Secret funds to buy media: Supreme Court set to reveal 182 payments, let 18 remain hidden | Pakistan Press Foundation (PPF)

Pakistan Press Foundation

Secret funds to buy media: Supreme Court set to reveal 182 payments, let 18 remain hidden

Pakistan Press Foundation

ISLAMABAD: The Supreme Court of Pakistan is set to order the release of a secret list of journalists and media organisations bribed by the government in the name of national security.

The decision in this regard is expected to be taken next week.The long kept secret had never been revealed in the country’s 65 years of existence until on Thursday two Supreme Court judges, Justice Jawwad S Khawaja and Justice Khilji Arif Hussain, decided to interpret Article 19 of the Constitution guaranteeing freedom of speech and access to information.

The judges will take a final decision on April 17 when the government will resubmit a revised list of covert expenses, excluding only a few details for security reasons. The judges are hearing two identical petitions filed by two prominent journalists Hamid Mir and Absar Alam seeking an end to payment of taxpayers’ money to buy journalists and media organisations.

Advocate Raja Aamir, representing the government, first claimed blanket privilege to the whole list. He was asked by the judges to select a few items required to be kept secret for security reasons.

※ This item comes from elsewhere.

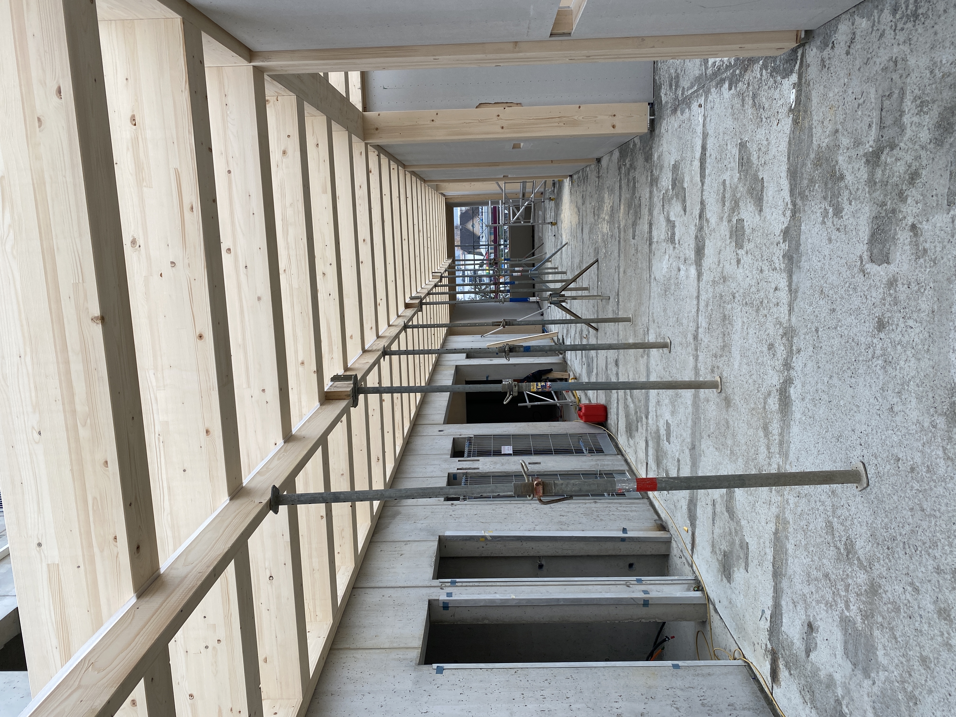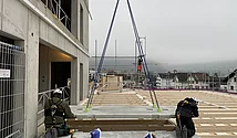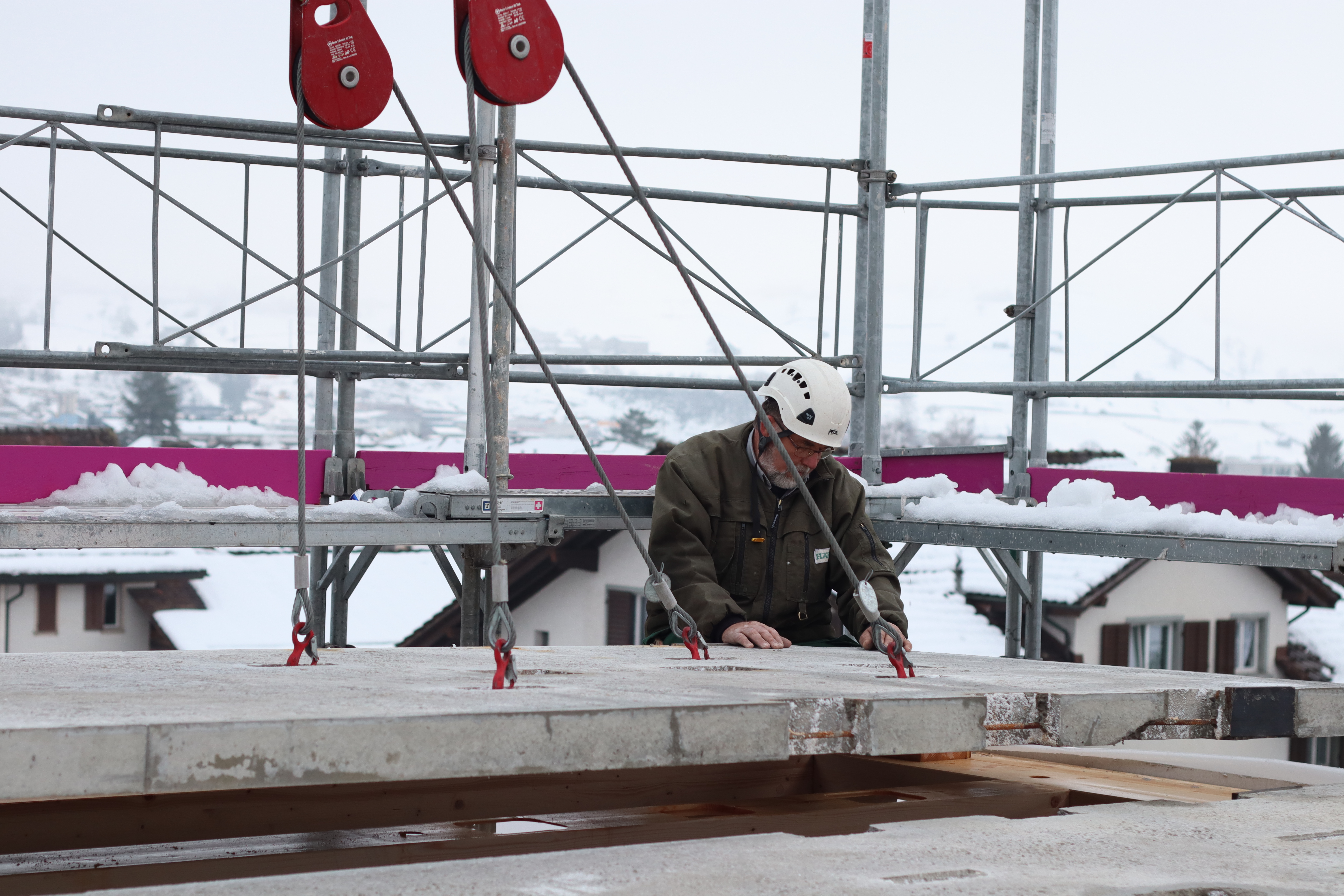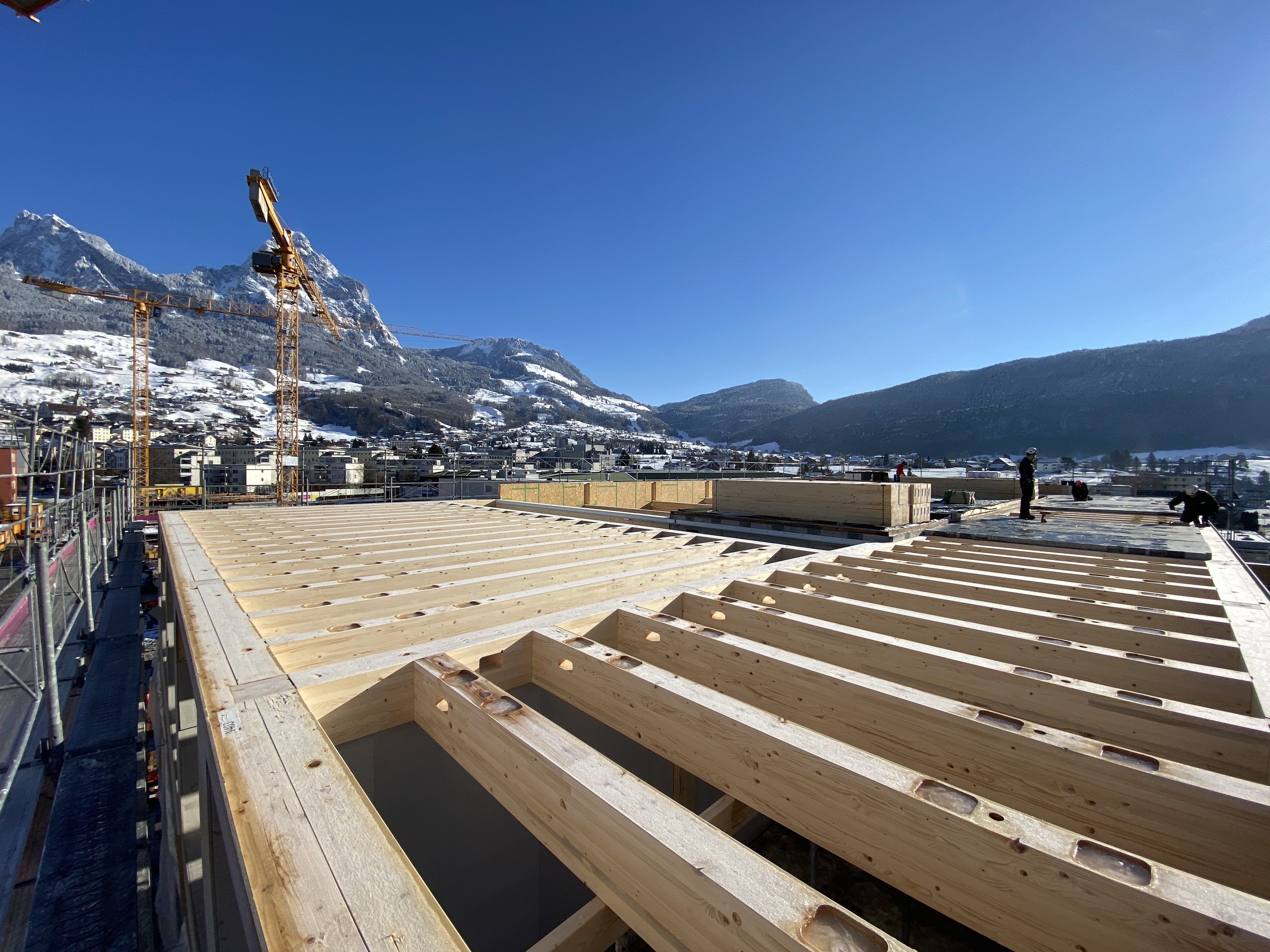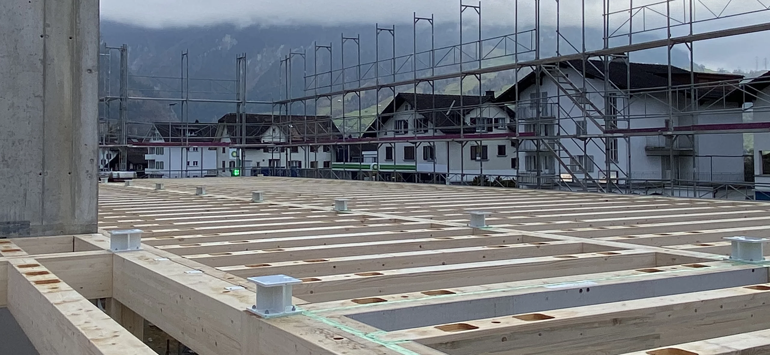 Verantwortlich für den reibungslosen Ablauf auf der Baustelle war Oliver Hasler, Projektleiter Häring AG. Darauf angesprochen sagt Oliver Hasler: «Die professionelle Planung seitens Wilma und die aktive Kommunikation haben wesentlich zum effizienten Einbau der Geschossdecken beigetragen. Mit unseren gut eingespielten Zimmerleuten konnten wir an einem Tag 750 Quadratmeter Geschossdecke versetzen, am Folgetag die Nebenarbeiten abschliessen und bereits mit dem nächsten Geschoss starten.»

The lawyer finally accepted that only 18 out of 200 instances of payments needed to be kept secret and the rest of the information could be made public. The information relates to the years 2011 and 2012 when the Pakistan People’s Party led by incumbent President Asif Ali Zardari was in power.

“It is apparent from the record that you [addressing the government lawyer] are in the habit of buying off journalists and columnists,” said Justice Jawwad S Khawaja further asking, “Is this was the way to spend (for instance) Rs1.4 million?” The judge observed that by making such secret payments to journalists, “you [the government] give an impression that the whole media is a commodity for sale.”

Justice Khilji Arif Hussain also could not hold back his remarks as he expressed the apprehension that by not disclosing this information the whole media was being maligned. “It looks like whoever appears on media is staging a drama… the whole of the media seems to have sold itself out.”

The four secret files presented to the Supreme Court were categorized into (1) Special Publicity Fund, (2) Secret Service Expenditure, (3) Institute of Regional Studies, and (4) Special Publicity Fund (September 7, 2012 to April 09, 2013, a period after the Supreme Court imposed a freeze on the use of secret funds). Justice Jawwad S Khawaja made it clear that out of four files only one file revealed an expense of Rs187 million.

During the hearing, the judge asked the government counsel to identify only genuine expenses which were done for justifiable reasons of national security. To this the official custodian of the secret record, Tahir Hassan, a director in the office of Secretary Information, selected a total of 18 items for claiming privilege out of a total 200 items. When the judge questioned the claim of privilege over a payment made on September 3, 2011, the government lawyer said this was done to counter Intervention of India in Balochistan. The judge pointed out that the total amount of selected items covered with claim of privilege comes to be Rs5 million only. “And the amounts given to widows of killed journalists are peanuts,” observed Justice Jawwad. He also observed that another Rs300 million were apparently given to a private TV channel.

Justice Khilji pointed out that there was no link between gifts and parties given to journalists and national security. “Secret funds were used even to air national songs on TV channels,” added Justice Khawaja.

The Supreme Court in its order directed the information ministry to resubmit the list of secret expenses on April 17 when the court will also examine if the claim of privilege over 18 other items was also genuine and the ministry will have to defend the same.